First, like g g noted, $K \geq 0$ if $n = 1$, so the kernel matrix is semipositive there. For $n = 2$, the kernel matrix we get is of the form $$ B = \begin{pmatrix} 1 & a \\ a & 1 \end{pmatrix} $$ where $0 \leq a \leq 1$. By inspection, the eigenvectors of this matrix are $(1,1)$ and $(1,-1)$ with eigenvalues $1 + a$ and $1-a$, which are nonnegative, so the kernel matrix is semipositive.

In general, we have $\min(x,y) = \frac12(x + y - |x-y|)$ and $\max(x,y) = \frac12(x + y + |x-y|)$. Then $$ K(x,y) = \frac{\sum_j \min(x_j,y_j)}{\sum_j \max(x_j,y_j)} = \frac{|x+y|_1 - |x-y|_1}{|x+y|_1 + |x-y|_1}, $$ where $|\,\cdot\,|_1$ is the $1$-norm.
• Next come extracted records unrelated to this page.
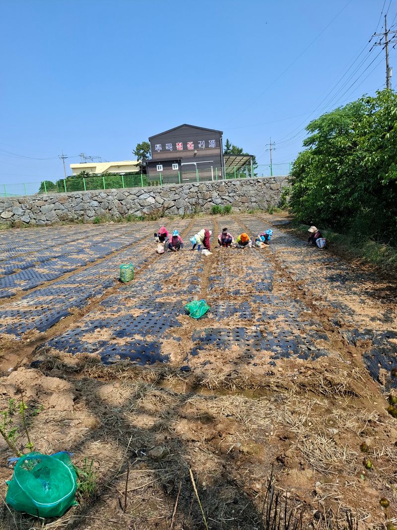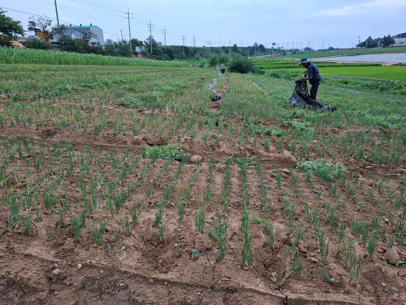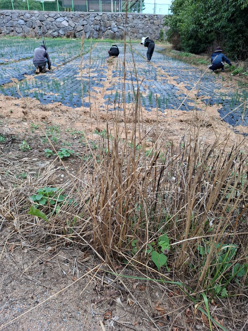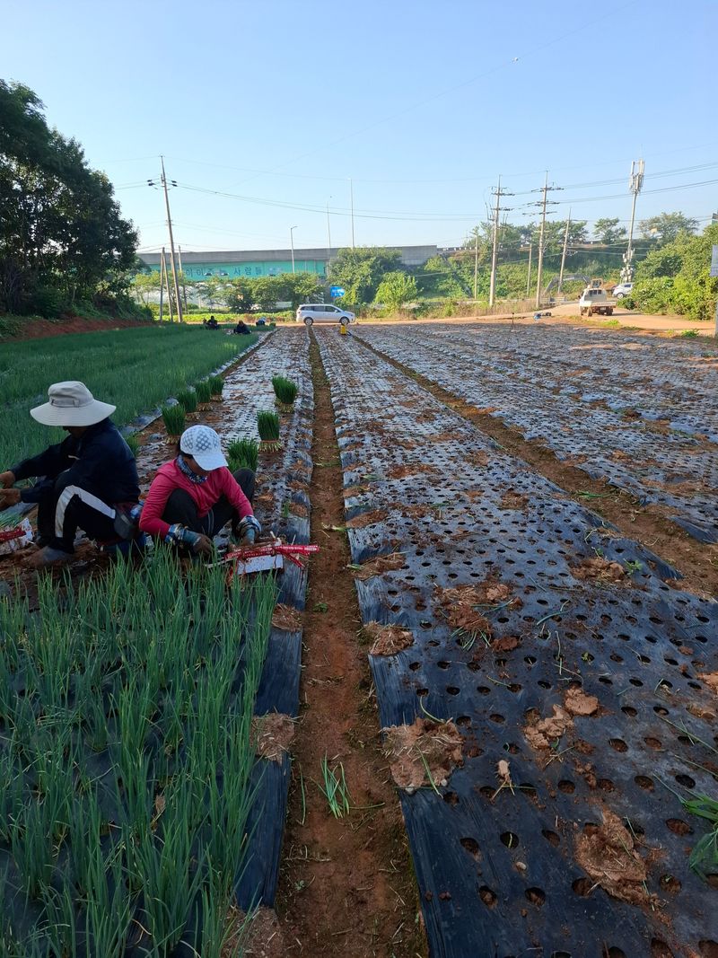 인부 남2명 여 2명 쪽파 밭 풀매기 작업 어제 오후 쪽파걸름 하고나서 소나기 신나게 내려주어 감사합니다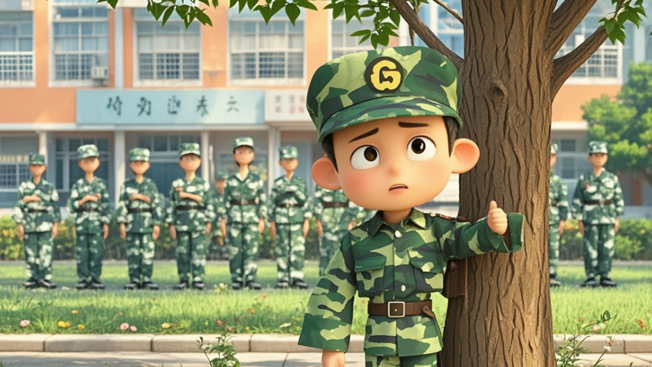 教官又大声说了一遍:“第一排报数!”于是,小明极其无奈地走到大树前--抱树。
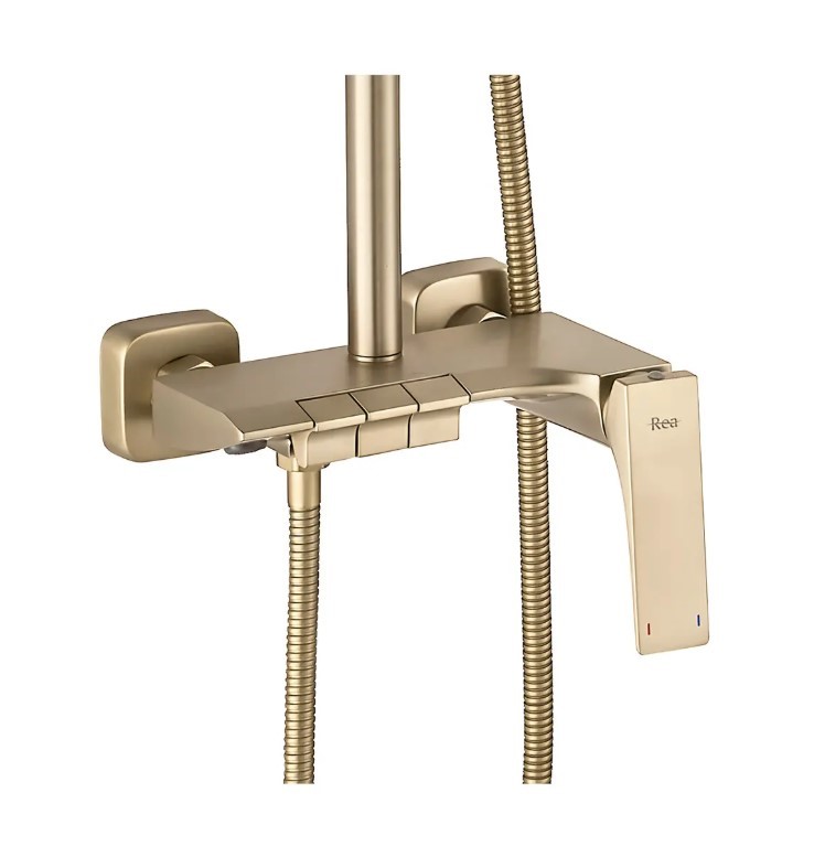 Zestaw prysznicowy natynkowy Rea Joe Złoty Szczotkowany to doskonały wybór dla każdego, kto ceni minimalizm, jakość i ponadczasowy design. Perfekcyjne w każdym detalu, dzięki eleganckiemu, szczotkowanemu wykończeniu będzie stylową ozdobą Twojej łazienki.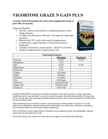 VIGORTONE GRAZE N GAIN PLUSA stocker mineral formulated for calves that complements forage or grass they are grazing with 2800 g/ton of CTC (chlortetracycline). VFD required.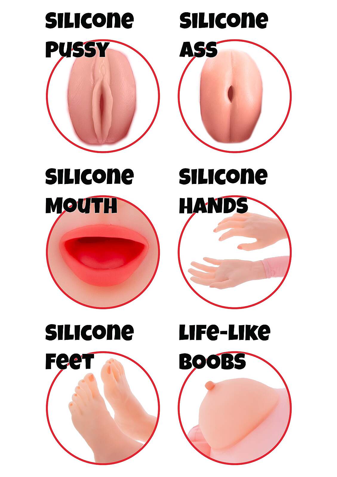- Details: realistic face, firm breasts, lifelike toes

I haven't been able to do anything with this so far.

This is close to some trigonometric identities: If we write $t(x,y) := \sqrt{|x-y|_1/|x+y|_1}$ then $K = (1-t^2)/(1+t^2)$ so if we set $t(x,y) =: \tan \theta(x,y)$ then $K = \cos 2\theta(x,y)$. But I don't know how to do anything useful with that in the quadratic form the kernel matrix $B$ defines.

As I said in a comment, we can have numpy crunch some randomly sampled examples:

https://pastebin.com/UGKrvxSK

This has only given me positive-definite matrices so far for $K$, while randomly sampling matrices with entries between $0$ and $1$ and $1$s on the diagonal yields matrices that are almost never positive-definite as $n$ grows, which seems like some kind of evidence for the kernel matrix being positive-definite in general.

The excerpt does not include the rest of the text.